Nevertheless, when using the Currie MDA algorithm, the detection limit $L_\mathrm D$ is calculated using $$L_\mathrm D=k^2+2L_\mathrm C$$ which can be translated into MDA.

In calculating the detection limit, the continuum is based on data on each side of the peak region for peaks that were found.
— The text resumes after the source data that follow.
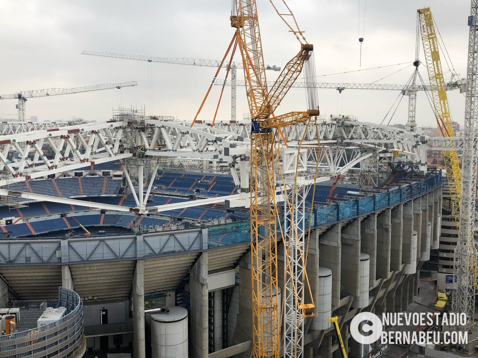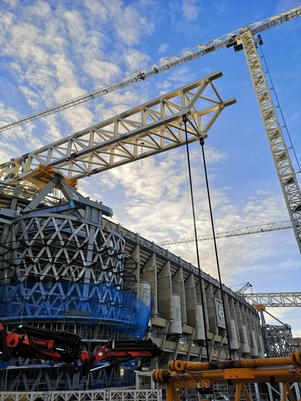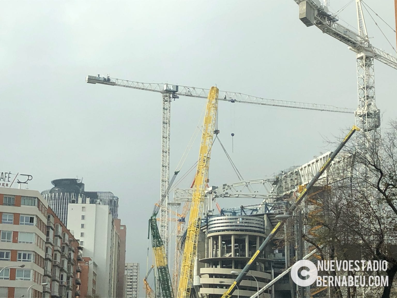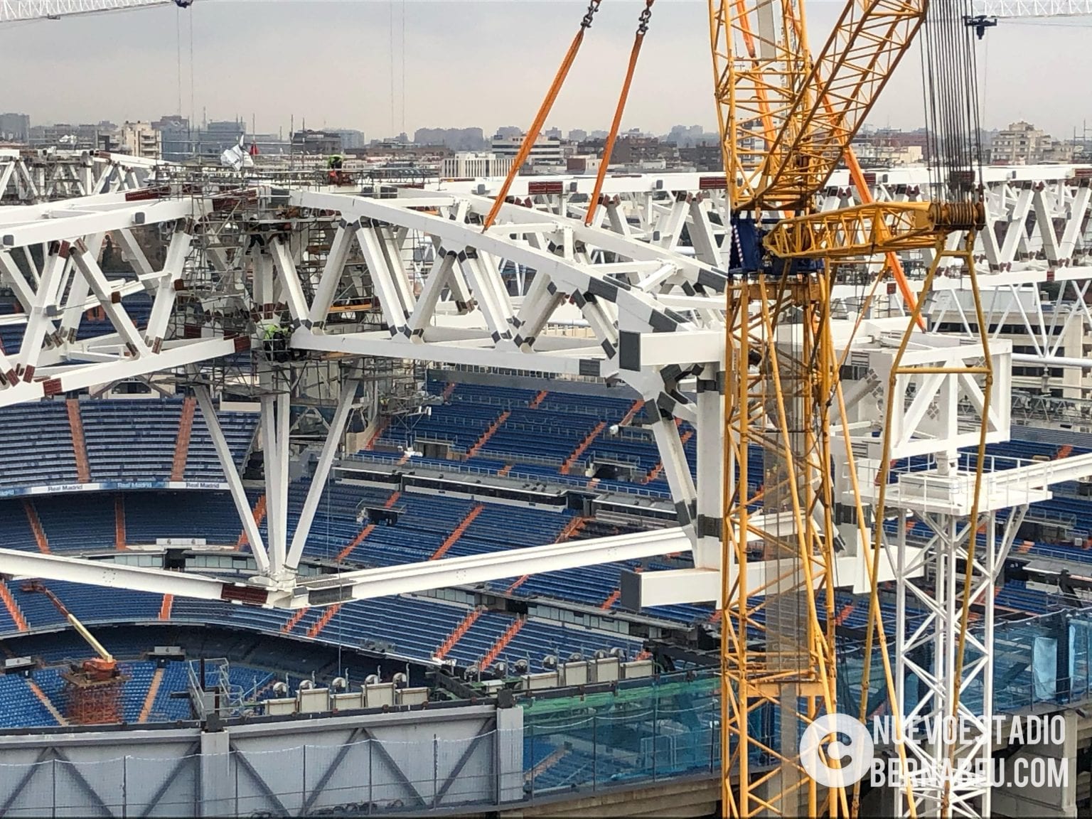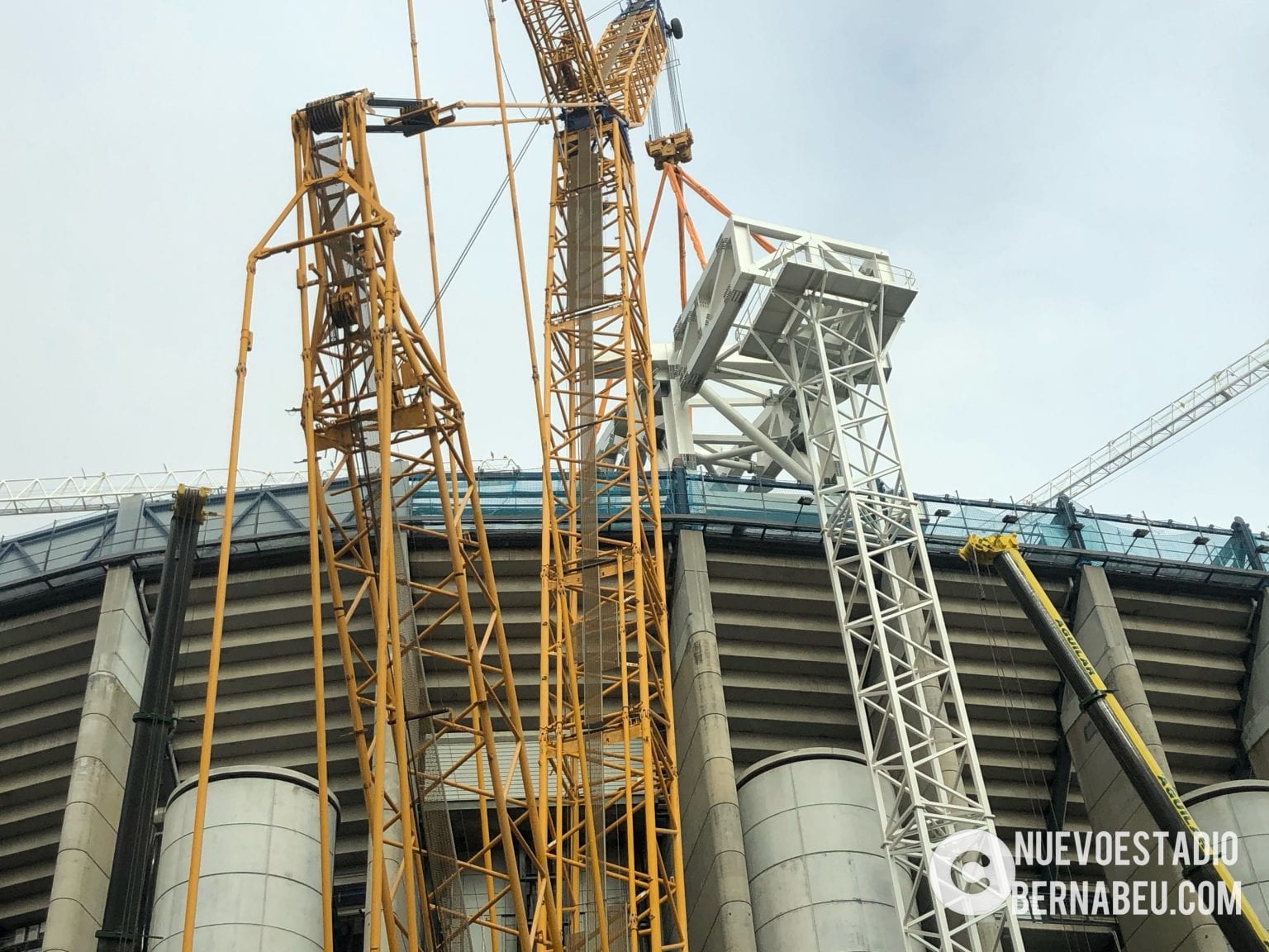 Última semana intensísima en el Real Madrid y el Santiago Bernabéu. La semana fantástica en lo deportivo con victorias en Sevilla, Borussia y Atlético se refrendó durante el fin de semana con el izado y acople, al igual que en la extensión C y la extensión D, de las mastodónticas extensiones A y B que había tenido que aplazarse desde el jueves por los intensos vientos que se registraron en el Bernabéu y que demoraron la operación hasta ayer domingo.
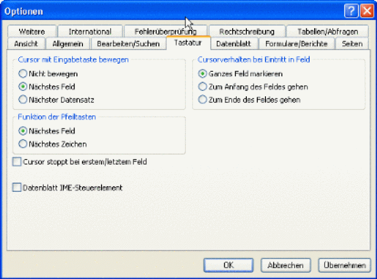 Das Standardverhalten von EINGABE und PFEIL-Tasten kann in den Optionen des Extras-Menüs auf dem Register Tastatur voreingestellt werden.
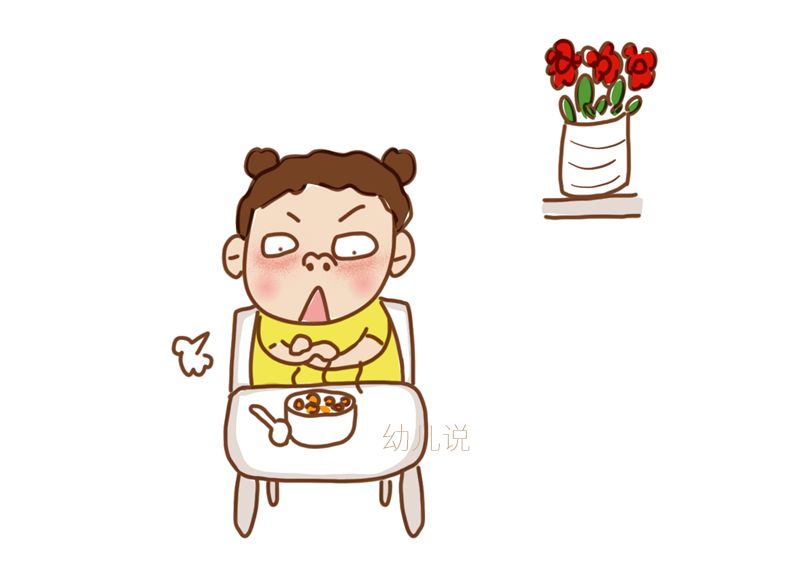 有一个小女孩,妈妈把她抱上儿童餐桌上吃饭,可孩子抓起勺子吃了两口,就开始闹着要下去。被妈妈教育了一番后,孩子虽然安静了,但拿着勺子拨弄饭食,就是不往嘴巴里送。被妈妈问“为什么不吃饭”说,小女孩说“饱了”。看到满满的饭菜,妈妈不相信,还批评了孩子。小女孩趁妈妈进厨房瞬间,故意把饭碗推倒,饭碗摔地上全洒了……
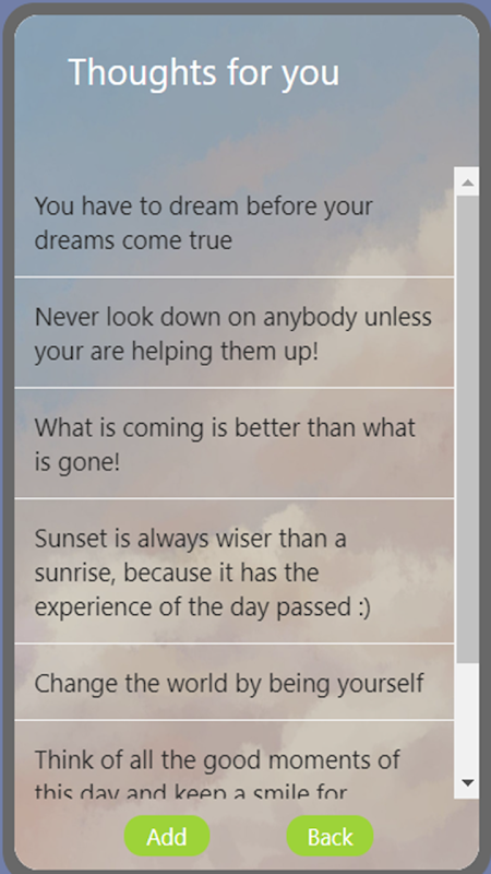 Questa app ti fa pensare positivo. Questa APP ti mostra molti pensieri ispiratori positivi.
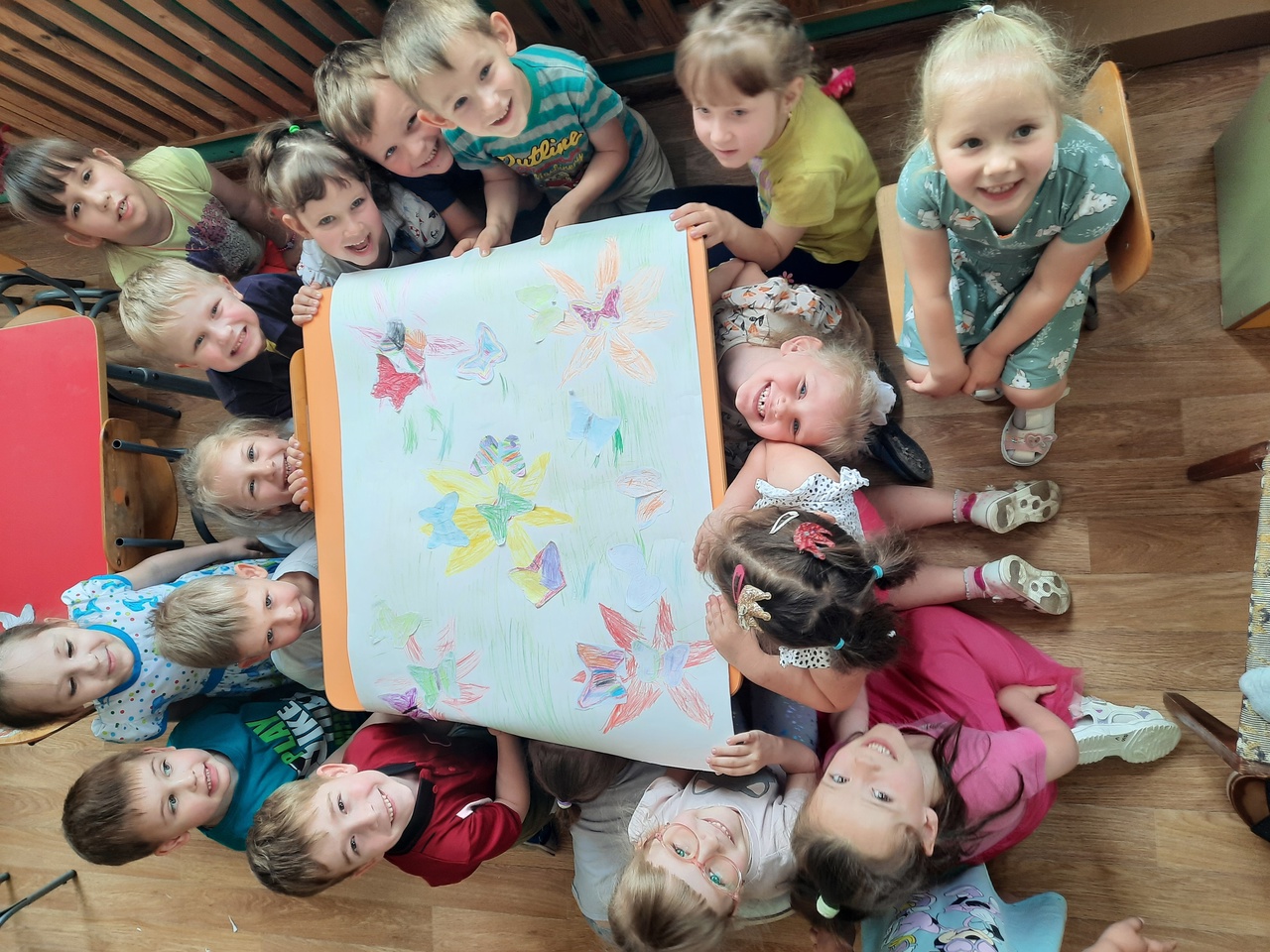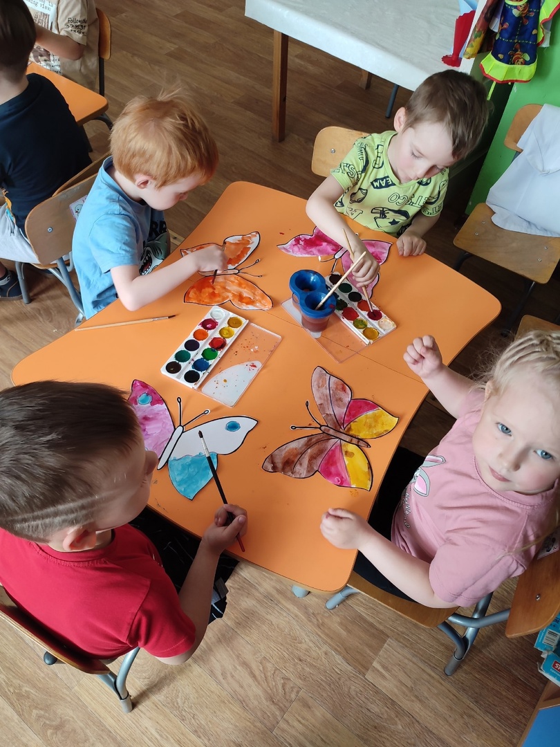 В нашем саду прошёл День бабочек. Педагоги вместе с детьми поговорили о бабочках, их видах и о том, что их надо беречь, читали стихи, загадывали загадки, раскрашивали, делали коллективную аппликацию «Бабочки на поляне».

It is based on the equivalent of the peak region itself for peaks that were not found.

For example, for a found peak with the linear continuum model in effect (ypou could also use a step continuum model instead), the continuum is calculated as $$B=\left(\frac N{2n}\right)\left(B_1+B_2\right)$$ Where
$N$ is the number of channels in the peak region,
$n$ is the number of channels on each side of the peak region used for the determination of the continuum counts,
$B_1$ is the sum of counts in the $n$ channels to the left of the peak region, and
$B_2$ is the sum of counts in the $n$ channels to the right of the peak region.

For peaks that had a background interference component subtracted, the equation for $L_\mathrm C$ becomes $$L_\mathrm C=k\sqrt{B+\left(\frac{T_\mathrm s}{T_\mathrm b}I_\mathrm b\right)+\left(\frac N{2n}\right)^2\left(B_1+B_2\right)+\left(\frac{T_\mathrm s}{T_\mathrm b}\right)^2\sigma_{I_\mathrm b}^2}$$ Where
$B$ is the value of the continuum subtracted,
$I_\mathrm b$ is net peak area of the background measurement,
$T_\mathrm s$ is the live time of the sample measurement, and
$T_\mathrm b$ is the live time of the separate background measurement.

This equation is used as a critical level test criterion, for example at $95\ \%$ confidence level. If the net peak area is less than $L_\mathrm C$, then a “not detected” decision is made. If the net peak area is greater than $L_\mathrm C$, then a “detected” decision is made.

* Currie, L. A. Limits for qualitative detection and quantitative determination. Application to radiochemistry. Anal. Chem. 1968, 40, 586–594.